On Monday Reuters reported that the Butantan Institute would announce that the drug’s “general efficacy” would be around 60 per cent, while the figure of 78 per cent referred to its “clinical efficacy”, although it is not clear how these figures were calculated.

There have also been partial disclosures of the results from two other Sinovac trials, in Indonesia and Turkey, with the former having 65 per cent efficacy and the latter 91 per cent, although these were based on a relatively small number of cases and infections.

“Looking at all of these partially reported results together would suggest a likely efficacy of the vaccine of around 65 to 70 per cent,” Smith said, which was “not dissimilar” to the results from the drug AstraZeneca produced in collaboration with Oxford University.

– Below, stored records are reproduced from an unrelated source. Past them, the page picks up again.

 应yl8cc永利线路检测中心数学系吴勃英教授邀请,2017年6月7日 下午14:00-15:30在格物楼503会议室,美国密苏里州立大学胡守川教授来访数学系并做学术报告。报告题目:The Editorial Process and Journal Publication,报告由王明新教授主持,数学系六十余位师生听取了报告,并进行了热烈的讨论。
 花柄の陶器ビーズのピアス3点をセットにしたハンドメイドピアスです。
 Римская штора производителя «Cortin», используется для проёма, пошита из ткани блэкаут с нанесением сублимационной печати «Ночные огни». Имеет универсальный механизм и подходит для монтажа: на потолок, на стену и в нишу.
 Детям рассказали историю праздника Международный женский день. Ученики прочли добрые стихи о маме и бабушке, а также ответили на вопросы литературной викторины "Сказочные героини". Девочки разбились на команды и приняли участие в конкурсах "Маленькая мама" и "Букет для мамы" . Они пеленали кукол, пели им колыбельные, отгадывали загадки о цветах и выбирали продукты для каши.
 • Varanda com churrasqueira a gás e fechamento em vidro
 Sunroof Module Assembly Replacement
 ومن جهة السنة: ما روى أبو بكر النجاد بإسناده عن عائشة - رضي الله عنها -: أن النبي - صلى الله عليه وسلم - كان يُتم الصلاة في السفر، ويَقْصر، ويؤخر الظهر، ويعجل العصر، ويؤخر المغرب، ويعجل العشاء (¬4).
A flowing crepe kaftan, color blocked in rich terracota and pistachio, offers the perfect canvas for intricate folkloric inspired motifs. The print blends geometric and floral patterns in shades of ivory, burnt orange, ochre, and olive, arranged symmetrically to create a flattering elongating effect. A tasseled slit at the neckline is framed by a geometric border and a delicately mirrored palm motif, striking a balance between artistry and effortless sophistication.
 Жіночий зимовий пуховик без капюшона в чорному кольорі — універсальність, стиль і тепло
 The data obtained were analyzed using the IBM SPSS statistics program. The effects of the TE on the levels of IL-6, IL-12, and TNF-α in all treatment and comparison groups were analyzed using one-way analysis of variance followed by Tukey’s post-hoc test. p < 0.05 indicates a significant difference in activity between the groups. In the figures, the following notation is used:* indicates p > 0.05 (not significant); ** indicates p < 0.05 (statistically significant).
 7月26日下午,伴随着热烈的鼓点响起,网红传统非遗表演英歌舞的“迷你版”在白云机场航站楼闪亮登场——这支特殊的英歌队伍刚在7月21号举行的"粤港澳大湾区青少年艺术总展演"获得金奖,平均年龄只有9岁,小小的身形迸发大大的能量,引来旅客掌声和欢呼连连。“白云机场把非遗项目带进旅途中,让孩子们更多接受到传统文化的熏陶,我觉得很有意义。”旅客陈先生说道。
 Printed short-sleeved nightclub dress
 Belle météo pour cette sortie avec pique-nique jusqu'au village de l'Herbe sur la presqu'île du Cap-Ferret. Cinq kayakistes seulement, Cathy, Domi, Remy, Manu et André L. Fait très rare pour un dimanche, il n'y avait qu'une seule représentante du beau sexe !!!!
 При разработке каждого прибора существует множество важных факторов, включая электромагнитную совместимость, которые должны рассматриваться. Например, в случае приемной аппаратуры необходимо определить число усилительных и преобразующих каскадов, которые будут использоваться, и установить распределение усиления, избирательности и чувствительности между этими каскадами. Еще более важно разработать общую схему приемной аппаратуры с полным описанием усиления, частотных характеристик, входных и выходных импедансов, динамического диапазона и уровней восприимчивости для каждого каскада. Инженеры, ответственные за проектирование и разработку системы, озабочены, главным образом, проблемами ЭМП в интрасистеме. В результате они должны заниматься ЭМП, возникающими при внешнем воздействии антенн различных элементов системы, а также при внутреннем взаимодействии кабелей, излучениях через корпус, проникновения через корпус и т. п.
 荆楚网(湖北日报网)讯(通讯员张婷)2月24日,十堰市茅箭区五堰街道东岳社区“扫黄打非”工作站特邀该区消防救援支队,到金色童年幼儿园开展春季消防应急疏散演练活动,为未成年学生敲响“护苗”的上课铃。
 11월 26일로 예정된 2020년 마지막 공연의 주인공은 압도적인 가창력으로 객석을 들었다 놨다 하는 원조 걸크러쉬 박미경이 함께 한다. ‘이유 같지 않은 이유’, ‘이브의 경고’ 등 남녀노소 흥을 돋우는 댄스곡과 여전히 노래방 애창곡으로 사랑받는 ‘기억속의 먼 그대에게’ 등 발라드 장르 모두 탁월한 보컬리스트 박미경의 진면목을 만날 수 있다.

Smith said that piecemeal disclosures are not uncommon as it is a way to prevent insider trading, but the problem in this case is that very few details have been given in press releases and “to my knowledge, these results have not been presented either at international meetings or submitted to peer-reviewed journals. Without such further details there is bound to be speculation about the credibility of such data as has been released”.

The delays and lack of information also pose a problem for regulators waiting to approve the vaccines. For example, Hong Kong, which plans to buy 7.5 million doses of the vaccine, has had to delay the review of its emergency use application.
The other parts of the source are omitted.